The only way to face a global pandemic is by working together. Unfortunately, there has been a major failure of solidarity when it comes to global vaccine access. We know that delays in the rollout of vaccination can contribute to the new variants emerging. As Omicron now sweeps through society, imagine how it would feel if only 10% of the population and just  27% of health workers in Ireland were vaccinated? That is the reality being faced in many African countries at the moment. Poorer countries have been forced to wait longer for vaccines and are not being allowed to produce their own generic versions. 

The EU Commission, including Ireland, is blocking a crucial temporary waiver of intellectual property restrictions on Covid 19 vaccines which would allow a massive scale up in global manufacture and accelerate access to vaccines for millions around the world. This TRIPS waiver has the support of over 100 countries, the WHO, UNAids, international NGOs, academics and public health experts, including the Royal College of Surgeons in Ireland, and over two million nurses. It is the right thing to do from both a moral and practical perspective.  We need to prioritise public health over the profits of a few, particularly when public money supported so much of the Covid 19 vaccine development.

I spoke at the launch of the People’s Vaccine Alliance and raised this urgent issue many times throughout the year. In December, I brought a motion to the Seanad calling for Ireland to publicly support a TRIPS waiver. Following a passionate debate, a Government amendment was withdrawn and my motion successfully passed with support from Senators from all sides of the chamber, sending a clear signal the Seanad believes Ireland must take a stand and call on the EU to support a TRIPS waiver at the next meeting of the World Trade Organisation. 

The Seanad Civil Engagement Group

The only way to face a global health crisis is by working together.  Unfortunately, there has been a failure of solidarity when it comes to global vaccine access. The EU Commission, including Ireland, is still blocking a temporary waiver of intellectual property rights on Covid 19 vaccines which would support a massive scale up in global manufacture and accelerate access to vaccines for millions around the world. This TRIPS waiver has been proposed and supported by over 100 countries.
We need to prioritise public health over the profits of a few, particularly when public money supported so much of the Covid 19 vaccine development. The longer we delay, the greater the likelihood of new variants emerging. We also need to ensure that the vaccines already manufactured are not monopolised by wealthy countries while healthcare workers on the global frontline are left in danger.  

I am proud to lead the ‘Civil Engagement Group’ of progressive independent Senators including Senator Lynn Ruane, Senator Frances Black and Senator Eileen Flynn.
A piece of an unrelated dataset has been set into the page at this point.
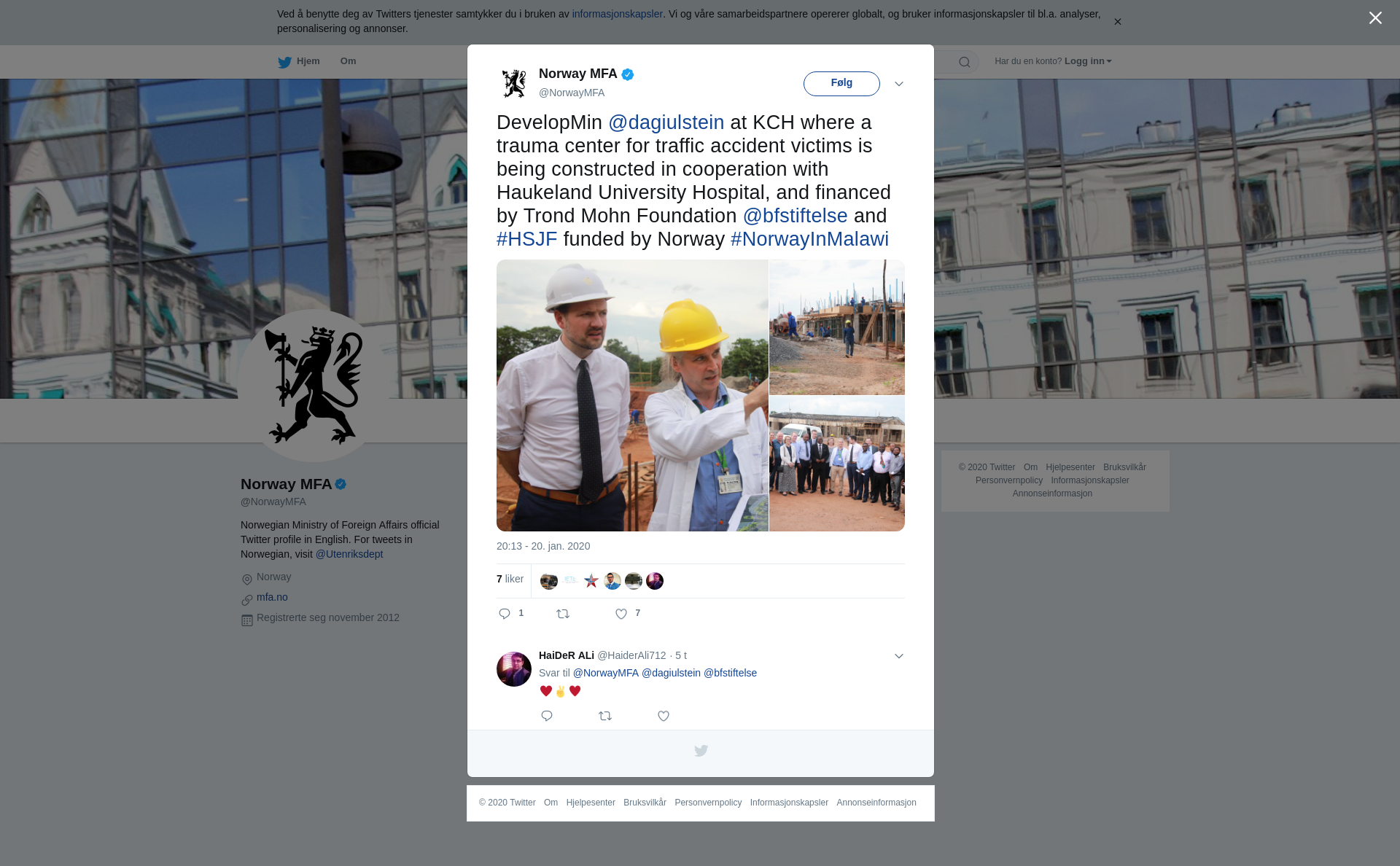 DevelopMin @dagiulstein at KCH where a trauma center for traffic accident victims is being constructed in cooperation with Haukeland University Hospital, and financed by Trond Mohn Foundation @bfstiftelse and #HSJF funded by Norway #NorwayInMalawi https://t.co/Um2balz92y

Over the last year we have been building on our work in the last Oireachtas and championing new and important issues.  

Our Quality in Public Procurement Bill and Non-Disclosure Agreement Bill have passed second stage in the Seanad and our proposed legislation on a Deportation Moratorium led to a change in public policy. Senator Ruane’s Criminal Justice (Rehabilitative Periods) Bill, which promotes a fairer approach to spent convictions, has now passed the Seanad and gone to the Dáil. Our Traveller Culture and History in Education Bill, which former Senator Colette Kelleher brought through to the Dáil, has now passed second stage there. We will also continue to press for progress on our Family Reunification Bill and Occupied Territories Bill which remain on the Dáil order paper and are more necessary than ever.